Rabbi Sacks on an Engaged Judaism
JInsider (March 2010)
I believe that religion is answerable to the world. And that’s very important because a religion that only exists behind high defensive walls could be the most beautiful and sublime religion. It could be the most fanatical and extreme religion. Until you’ve tested a religion in the world and seen how it changes lives, you have not really done the job of pursuing religious truth. You haven’t even done the job that God asks of us, which is to bring Heaven down here on Earth. So, that is the first thing, a Judaism answerable to the world.
But my second thing is a Judaism that engages with the world. I am a Rabbi. So you would have thought that my engagement, and 99% of it is, is with other Jews. But then I suddenly discovered that Christians want to hear this message. So do Sikhs. So do Hindus. So do Jains, Zoroastrians, Baha’i, and so do Buddhists. And so do moderate Muslims. They look at us and they see, here is a religion that engages with the world, that integrates into liberal democratic societies, and doesn’t lose its identity. Even secular humanists say: Here is a religion that is not fanatical. That is not crazy. That does not ask of you to believe six impossible things before breakfast, (the way the Red Queen did to Alice in Wonderland). It’s a rational, sensible religion.
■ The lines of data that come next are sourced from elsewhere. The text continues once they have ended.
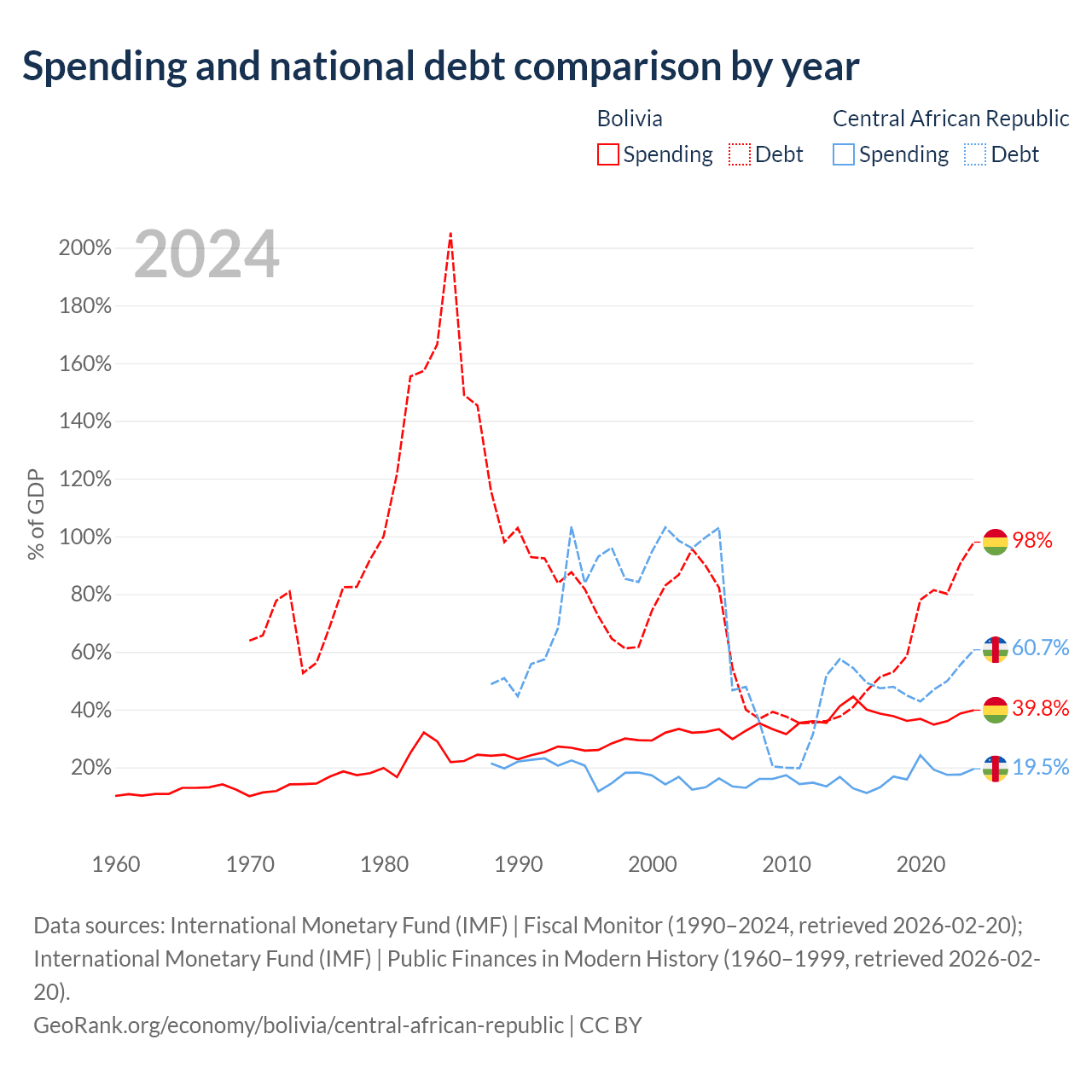 Bolivia has $53.8B in government debt (98% of GDP), compared to $1.67B (60.7% of GDP) in the Central African Republic.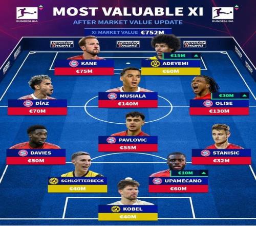 亚历山大-帕夫洛维奇(拜仁慕尼黑)5500万欧元、奥利塞(拜仁慕尼黑)1.3亿欧元、穆西亚拉(拜仁慕尼黑)1.4亿欧元、路易斯-迪亚斯(拜仁慕尼黑)7000万欧元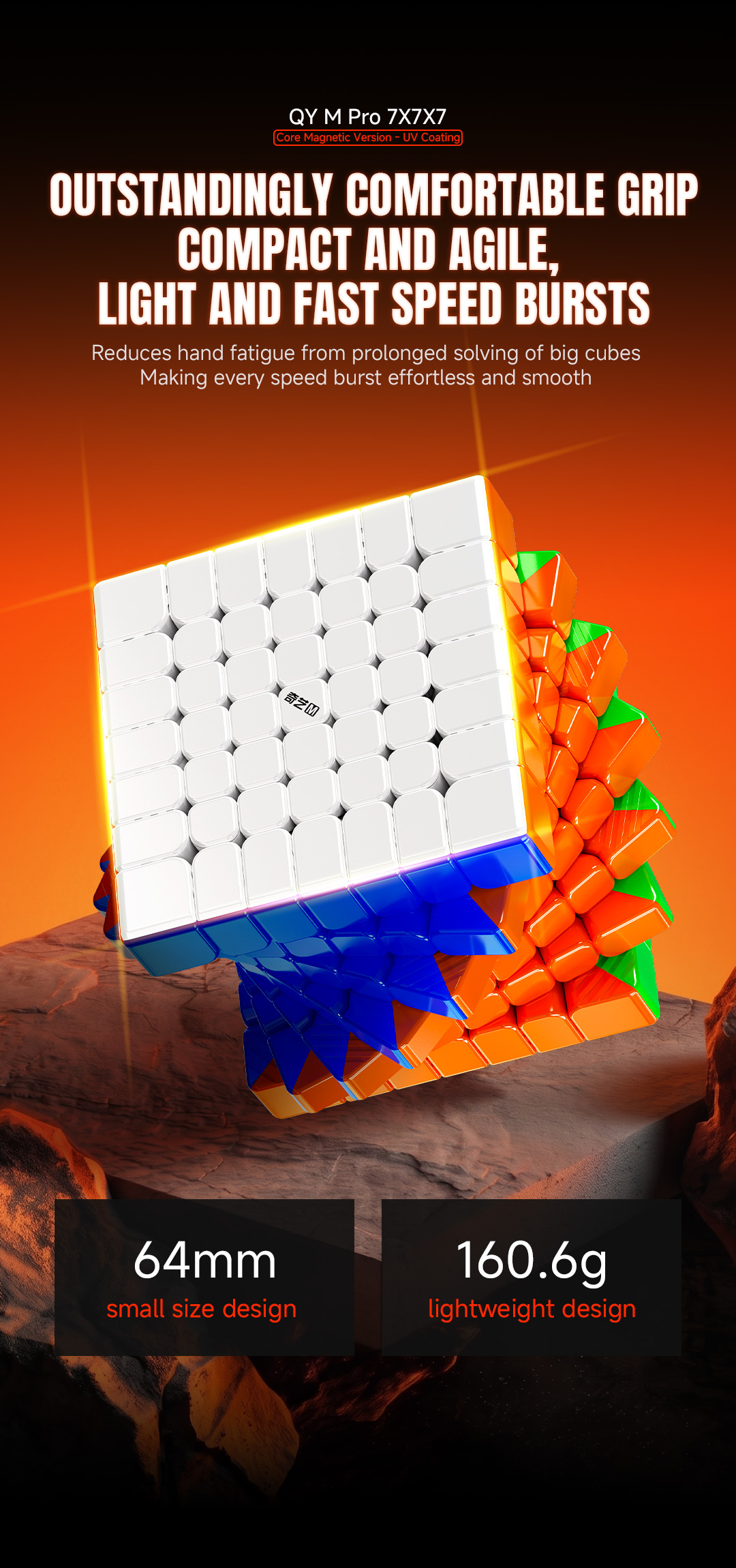 サイズ: 64mmの小型設計。多層キューブでありながら手にしっかりと収まり、操作性を向上させます。

So suddenly Judaism inspires people of all faiths and none. And that’s not a hypothesis. That’s the reality I live in. I really feel through all the work I’ve done, that people out there, Jew a non-Jew alike, are hungry for a Jewish voice. A voice that’s not judgmental. That’s not preachy. That doesn’t try and convert the unconverted. A voice that doesn’t shut up all criticism. That doesn’t brand every question as incipient heresy. This is great religion.
And for Heaven’s sake, when did we have, before, the chance of doing what Isaiah tells us God wanted us to do? Which is to be a light to the nations. Which is, as God said to Abraham, through you all the families of the world will be blessed. Here it is. God asked us to do it. When in all our 4,000 years of history were people hungry to hear a Jewish message? Not in Bible times, where most people were polytheist. Not in the Hellenistic age when most people believed in reason, not revelation. Not in the Middle Ages when Christians and Muslims thought Judaism was finished and an irrelevance. Not during the Enlightenment when people didn’t want to know about religion at all.
All of a sudden, for the first time in history, we can fulfil God’s great challenge to Abraham, God’s great challenge to Isaiah. At this moment when we can, are we going to walk away from that challenge? I really feel that Rav Nachman of Breslav put it best. The main thing is never to be afraid. Go out there in the public domain, tell people what you believe, and never be afraid that your faith will be diminished. Because people who have faith, have confidence, or they jolly well should do.